__Your assignment__. Each line from the opening of the material through the line holding "With Mercury Shade" needs to be returned exactly, with the pictures left out.

__Data provided__.
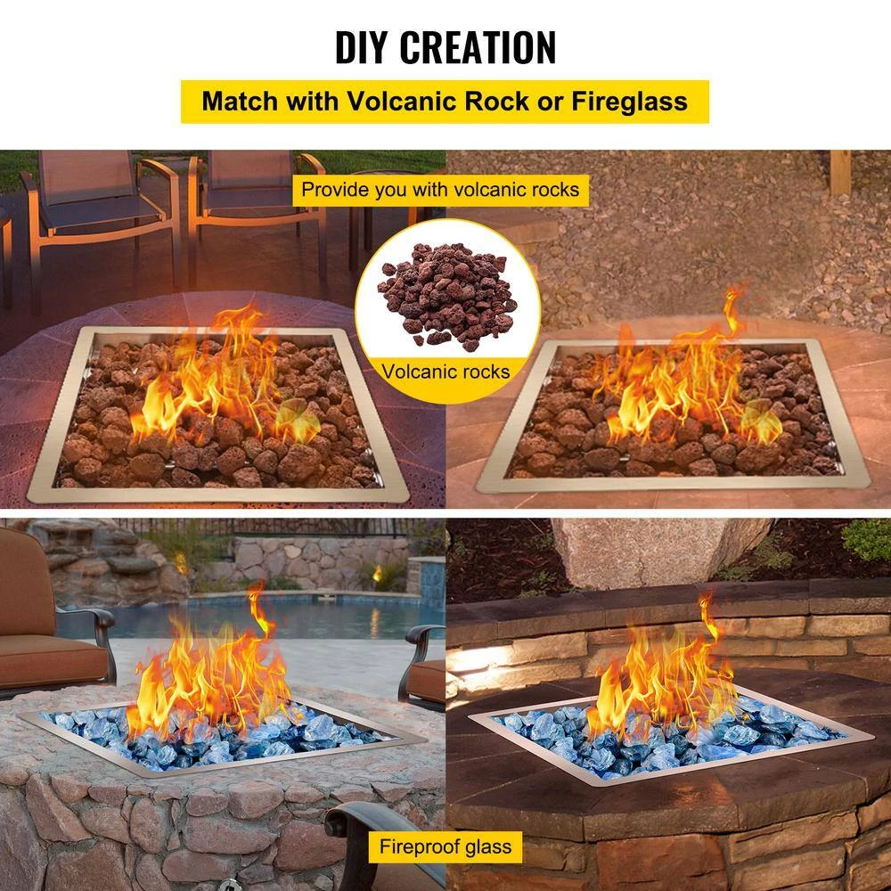 - DIY Your Own Style: This fire pit pan can be filled and decorated with our complimentary volcanic stone or you can prepare colored fireproof glass for decoration. Ideal for DIY in the living room, backyard, swimming pool and lounge and create a holiday feeling with a hot pot
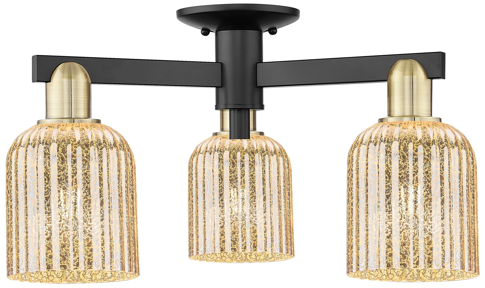 Bridal Veil 23"W 3 Light Black Brass Semi-Flush With Mercury Shade
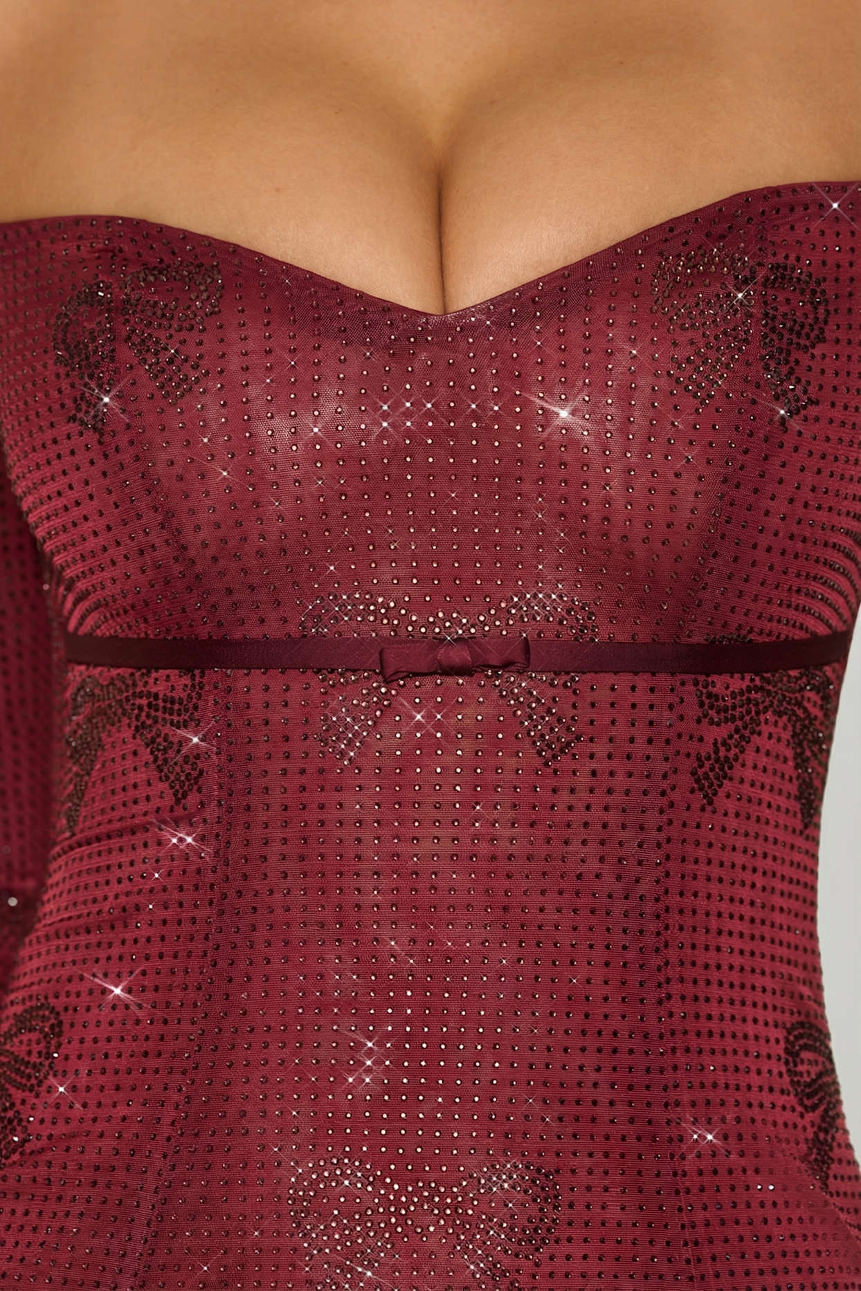 Made from premium double-layered stretch mesh with a soft mesh lining, featuring all-over embellishment for a sparkling effect.

__Solution to the exercise__.
 - DIY Your Own Style: This fire pit pan can be filled and decorated with our complimentary volcanic stone or you can prepare colored fireproof glass for decoration. Ideal for DIY in the living room, backyard, swimming pool and lounge and create a holiday feeling with a hot pot
 Bridal Veil 23"W 3 Light Black Brass Semi-Flush With Mercury Shade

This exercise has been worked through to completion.